Work request:
Nothing but the lines from the start of the data through the line with "סיור הצילום שלי" should appear in the answer, each retyped exactly, and pictures should not.

Information shown:
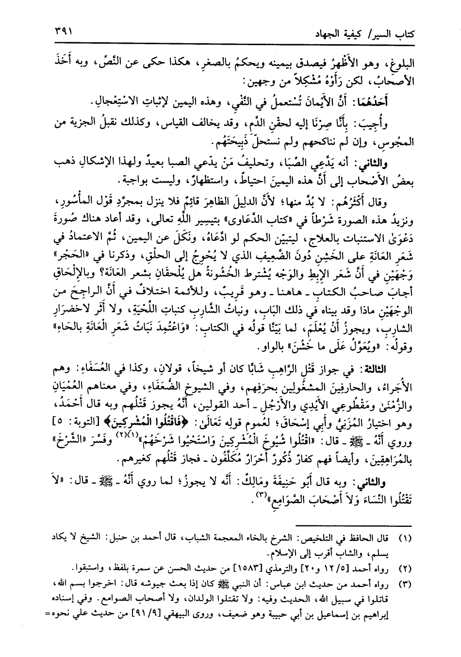 (¬3) رواه أحمد من حديث ابن عباس: أن النبي -صلى الله عليه وسلم- كان إذا بعث جيوشه قال: اخرجوا بسم الله، قاتلوا في سبيل الله، الحديث وفيه: ولا تقتلوا الولدان، ولا أصحاب الصوامع. وفي إسناده إبراهيم بن إسماعيل بن أبي حبيبة وهو ضعيف، وروى البيهقي [9/ 91] من حديث علي نحوه =
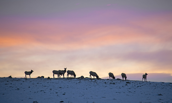 סיור הצילום שלי התרכז יותר בחיות ובטבע ופחות בגייזרים ובברכות התרמיות. בילוסטון קל מאוד לראות למרחקים את הגייזרים, המפלים והברכות החמות – כולם מעלים קיטור בחורף. לעומת זאת, בחיות קשה מאוד לצפות וחייבים להיערך בהתאם ולהסתתר היטב כדי שהן לא יסתלקו כשיחושו סכנה. לכן, יצאתי לצלם השכם בבוקר (או יותר נכון בסופו של הלילה הקודם) על מנת להגיע בזמן ולהספיק להסתוות במקום שבו צפויים להגיע בעלי חיים.
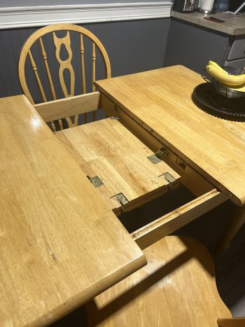Kitchen table and 4 chairs extendible with hidden leaf under table 36?x 48? (3? x 4?) extends 36?x60?(3?x5?) for a quick response. Text at 204-761-9106 or call at 204-728-1059.
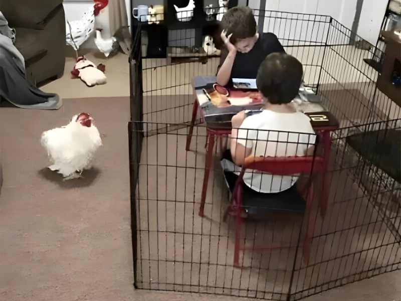 At first glance, a basic picture of youngsters imprisoned in a chicken coop shows a somewhat more complicated and interesting domestic scenario. Though the backdrop elements tell a more fascinating tale, the scene shows two small toddlers apparently caught in what would ordinarily be reserved for fowl. The profusion of chicken-themed decorations and accessories on the surrounds points to this isn’t just any house; one where chickens have attained an elevated status, maybe even becoming indoor pets. The absurdity of the situation is evident: rather than the hens being restricted to their pen, it is the youngsters who find themselves imprisoned while what looks to be a free-range chicken has the run of the house. The keen observer would see the children’s subdued facial expressions, implying this isn’t their first experience with the territorial behaviour of their feathered companion. This role reversal offers a funny reflection on contemporary pet-keeping methods and the occasionally surprising dynamics that show up in homes where animals are viewed as full-fledged family members.

Solved exercise:
 (¬3) رواه أحمد من حديث ابن عباس: أن النبي -صلى الله عليه وسلم- كان إذا بعث جيوشه قال: اخرجوا بسم الله، قاتلوا في سبيل الله، الحديث وفيه: ولا تقتلوا الولدان، ولا أصحاب الصوامع. وفي إسناده إبراهيم بن إسماعيل بن أبي حبيبة وهو ضعيف، وروى البيهقي [9/ 91] من حديث علي نحوه =
 סיור הצילום שלי התרכז יותר בחיות ובטבע ופחות בגייזרים ובברכות התרמיות. בילוסטון קל מאוד לראות למרחקים את הגייזרים, המפלים והברכות החמות – כולם מעלים קיטור בחורף. לעומת זאת, בחיות קשה מאוד לצפות וחייבים להיערך בהתאם ולהסתתר היטב כדי שהן לא יסתלקו כשיחושו סכנה. לכן, יצאתי לצלם השכם בבוקר (או יותר נכון בסופו של הלילה הקודם) על מנת להגיע בזמן ולהספיק להסתוות במקום שבו צפויים להגיע בעלי חיים.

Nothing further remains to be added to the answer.